Please transcribe the data below exactly. Leave the pictures out.

• **Recorded data**
##############################

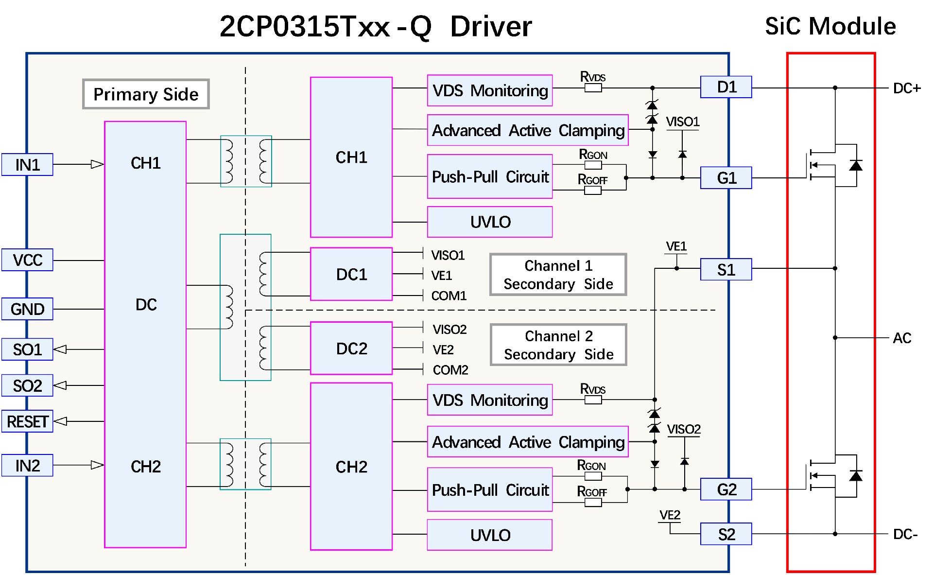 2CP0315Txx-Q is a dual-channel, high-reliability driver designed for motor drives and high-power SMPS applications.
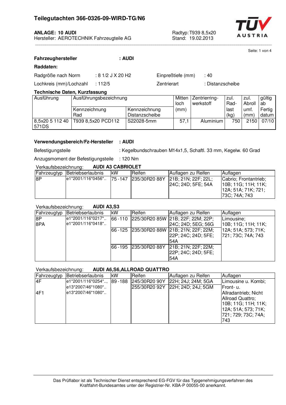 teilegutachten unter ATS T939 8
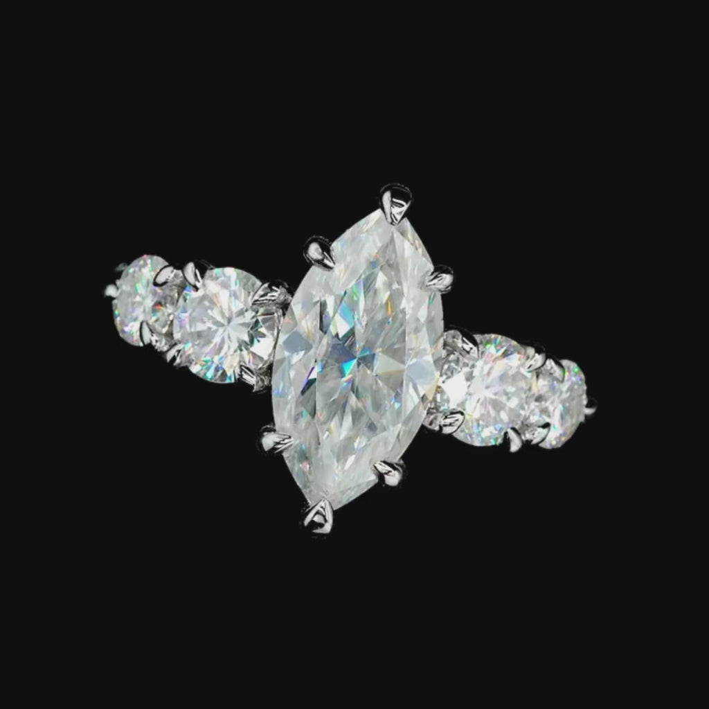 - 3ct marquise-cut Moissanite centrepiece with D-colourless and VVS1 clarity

##############################

• **Exercise solution**
 2CP0315Txx-Q is a dual-channel, high-reliability driver designed for motor drives and high-power SMPS applications.
 teilegutachten unter ATS T939 8
 - 3ct marquise-cut Moissanite centrepiece with D-colourless and VVS1 clarity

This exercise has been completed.